- What the exercise asks -
The following data needs to be repeated exactly, with all images excluded.

- Supplied data -
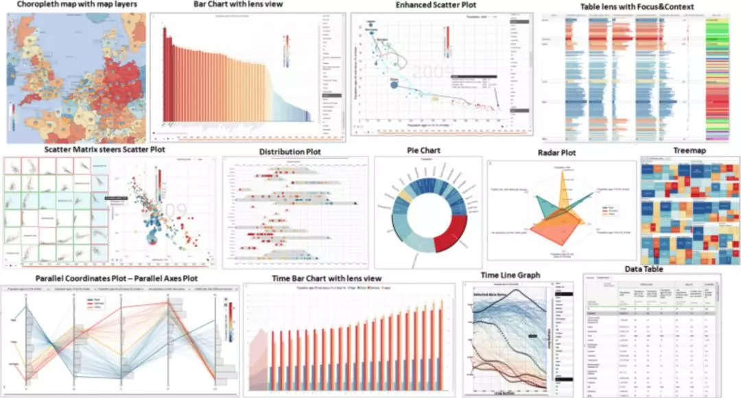 有非常多的图表类型可以使用,但是要根据要解决的问题、数据的结构、选择的数据维度来确定要显示的图表类型:
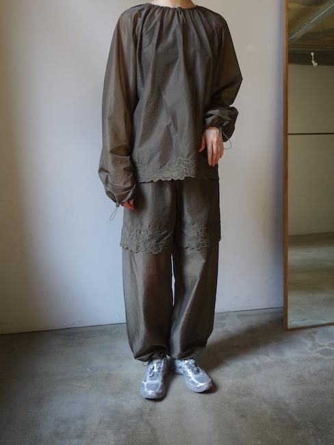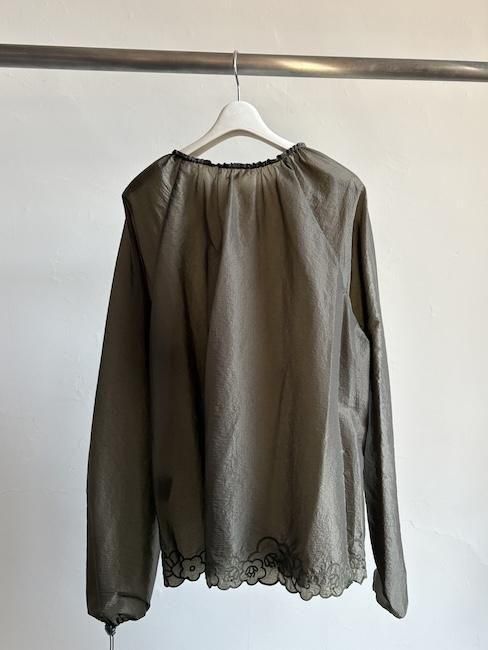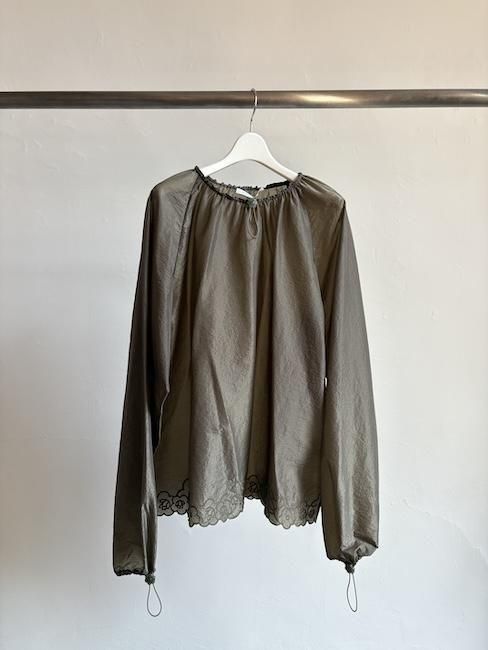 CECILIE BAHNSEN BRODY TOP EMBROIDERED RIPSTOP ・クルーネック ・ネック/袖コード ・裾口にフラワーモチーフの刺繍デザイン ・リラックスシルエット ・透け感 ・ポリアミド素材 <カラー> OLIVE <素材> ポリアミド% *ドライクリーニング表記 <サイズ> 6/ゆき丈92cm、身幅61cm、着丈62cm ・平置きで計測。多少の誤差がでる場合がございます。 ・着用者の身長162cm、9,10枚目着用者175cm 【CECILIE BAHNSEN】/セシリーバンセン デンマーク出身のデザイナーCecilie Bahnsenは、名門ロイヤル・カレッジ・オブ・アートでウィメンズ デザインの修士号を取得し、John Gallianoの元でプリントデザイナーとしての経験を積んだのち、自身の名を冠したウィメンズウェアのブランドを 2015 年に立ち上げた。 地元コペンハーゲンで手作業で生産されており、キルティング、パッチワークといった伝統的手法を取り入れた独自の製法で生み出される生地を使い、細部にまでこだわり抜いて作られている。 女性らしさと無駄のない洗練さを絶妙なバランスで兼ね添えたコレクションは、緻密な装飾がほどこされたアイテムが、時代に左右されないデザイン性と伝統的なシルエットを現代的に再構築しています。 CECILIE BAHNSEN 商品一覧へ <商品の返品交換について> 不良品以外の返品交換はお断りさせていただいています 商品について不安な点などございましたらご購入前にご質問ください 商品に不良があった場合には商品到着後3日以内にメールかお電話でご連絡ください <高額商品のお支払い決済について> 10万円以上の商品をお買い上げ時、代金引換のご利用ができません。 PAYPALもしくは銀行振込がご利用いただけます。 銀行振込をご希望の場合は ご購入希望商品を記載の上、visitfor@gmail.comまでご連絡ください。
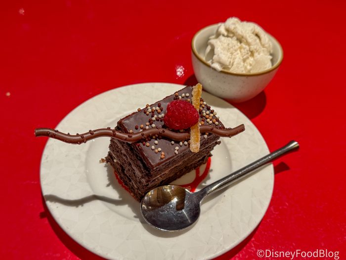 This thing was a great way to wind down our experience. You’ll find the whole cake slice sitting on top of a tart, raspberry sauce, which brightens up the flavor of each bite when you run your spoon by it with each scoop.

- Response to the task -
 有非常多的图表类型可以使用,但是要根据要解决的问题、数据的结构、选择的数据维度来确定要显示的图表类型:
 CECILIE BAHNSEN BRODY TOP EMBROIDERED RIPSTOP ・クルーネック ・ネック/袖コード ・裾口にフラワーモチーフの刺繍デザイン ・リラックスシルエット ・透け感 ・ポリアミド素材 <カラー> OLIVE <素材> ポリアミド% *ドライクリーニング表記 <サイズ> 6/ゆき丈92cm、身幅61cm、着丈62cm ・平置きで計測。多少の誤差がでる場合がございます。 ・着用者の身長162cm、9,10枚目着用者175cm 【CECILIE BAHNSEN】/セシリーバンセン デンマーク出身のデザイナーCecilie Bahnsenは、名門ロイヤル・カレッジ・オブ・アートでウィメンズ デザインの修士号を取得し、John Gallianoの元でプリントデザイナーとしての経験を積んだのち、自身の名を冠したウィメンズウェアのブランドを 2015 年に立ち上げた。 地元コペンハーゲンで手作業で生産されており、キルティング、パッチワークといった伝統的手法を取り入れた独自の製法で生み出される生地を使い、細部にまでこだわり抜いて作られている。 女性らしさと無駄のない洗練さを絶妙なバランスで兼ね添えたコレクションは、緻密な装飾がほどこされたアイテムが、時代に左右されないデザイン性と伝統的なシルエットを現代的に再構築しています。 CECILIE BAHNSEN 商品一覧へ <商品の返品交換について> 不良品以外の返品交換はお断りさせていただいています 商品について不安な点などございましたらご購入前にご質問ください 商品に不良があった場合には商品到着後3日以内にメールかお電話でご連絡ください <高額商品のお支払い決済について> 10万円以上の商品をお買い上げ時、代金引換のご利用ができません。 PAYPALもしくは銀行振込がご利用いただけます。 銀行振込をご希望の場合は ご購入希望商品を記載の上、visitfor@gmail.comまでご連絡ください。
 This thing was a great way to wind down our experience. You’ll find the whole cake slice sitting on top of a tart, raspberry sauce, which brightens up the flavor of each bite when you run your spoon by it with each scoop.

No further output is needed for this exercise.